O putinismo espalhou-se como um fungo e exorbitou os seus limites. Nesse compasso de tempo, a Rússia anexou a Crimeia; interferiu ironicamente a favor de um candidato republicano nas eleições presidenciais norte-americanas e tentou fazer o mesmo em outras eleições na Europa; tentou assassinar ex-espiões em Inglaterra no melhor estilo OO7 – Ordem para Matar; assumiu um papel preponderante no atoleiro sírio em defesa de Bashar al-Assad e por aí fora.

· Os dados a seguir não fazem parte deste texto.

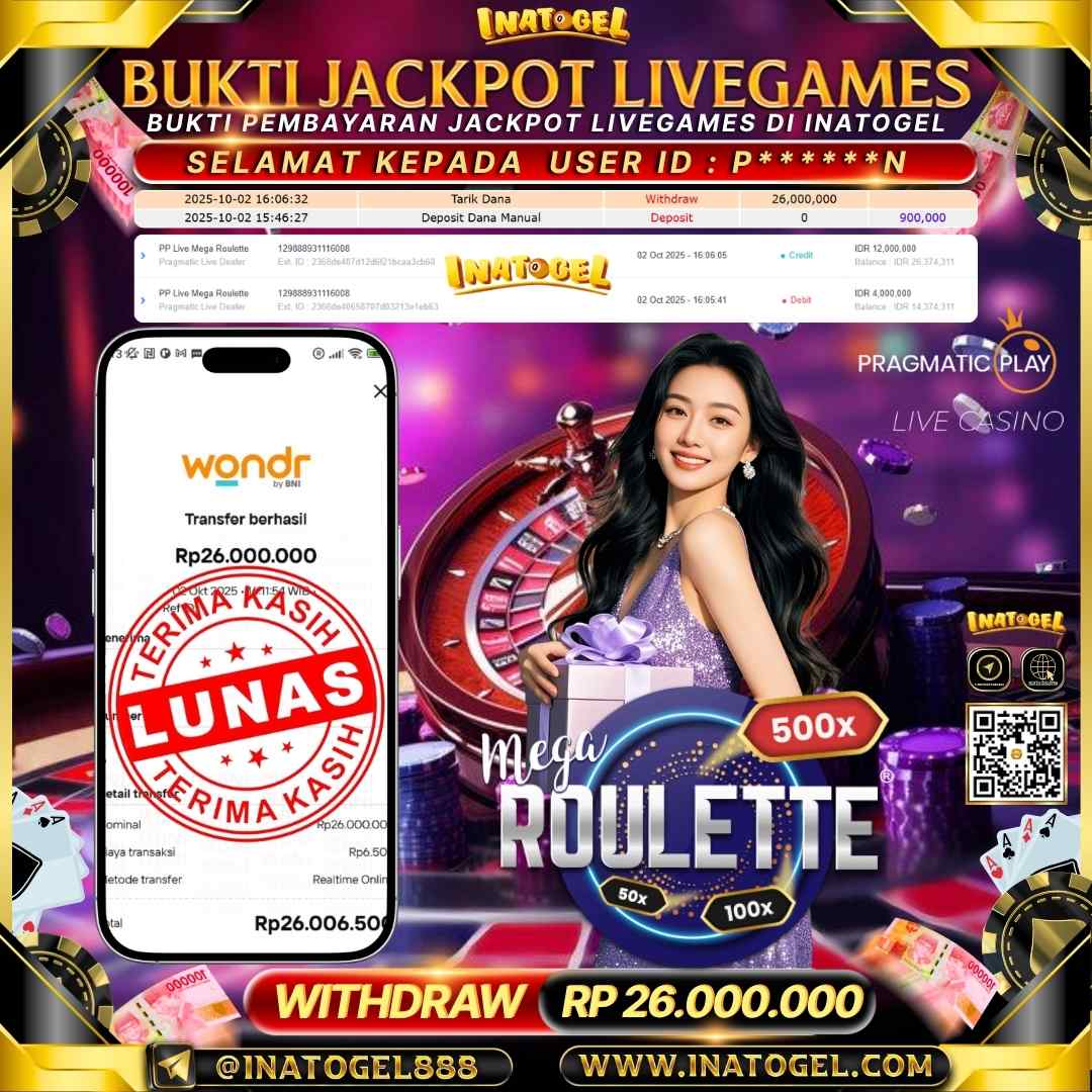 Inatogel Jackpot LiveGame PP Live Mega Roulette Rp26,000,000

Um organismo consultivo do governo norte-americano, o National Inteligence Council fez uma previsão em 2008, segundo a qual a hegemonia dos EUA iria durar duas décadas, uma vez que se iria assistir à ascensão política e militar de três países: Rússia, China e Índia. Só o primeiro dos três entrará em campo neste mundial. E só as associações de defesa dos direitos humanos continuarão a falar dos seus atropelos (da perseguição aos opositores de Putin ou dos homossexuais, num tique tipicamente taliban) e das incongruências de uma FIFA, minada pela corrupção interna, capaz de condenar o racismo e de, ao mesmo tempo, contemporizar com o regime russo.
Sujeita a sanções internacionais e à hostilidade de uns, mas admirada por países como Itália ou Áustria, a Rússia de Putin mostra não estar isolada e arrisca-se a ser ela a principal vencedora deste campeonato.
E no final, desta vez, talvez não ganhe a Alemanha, como diria Gary Lineker.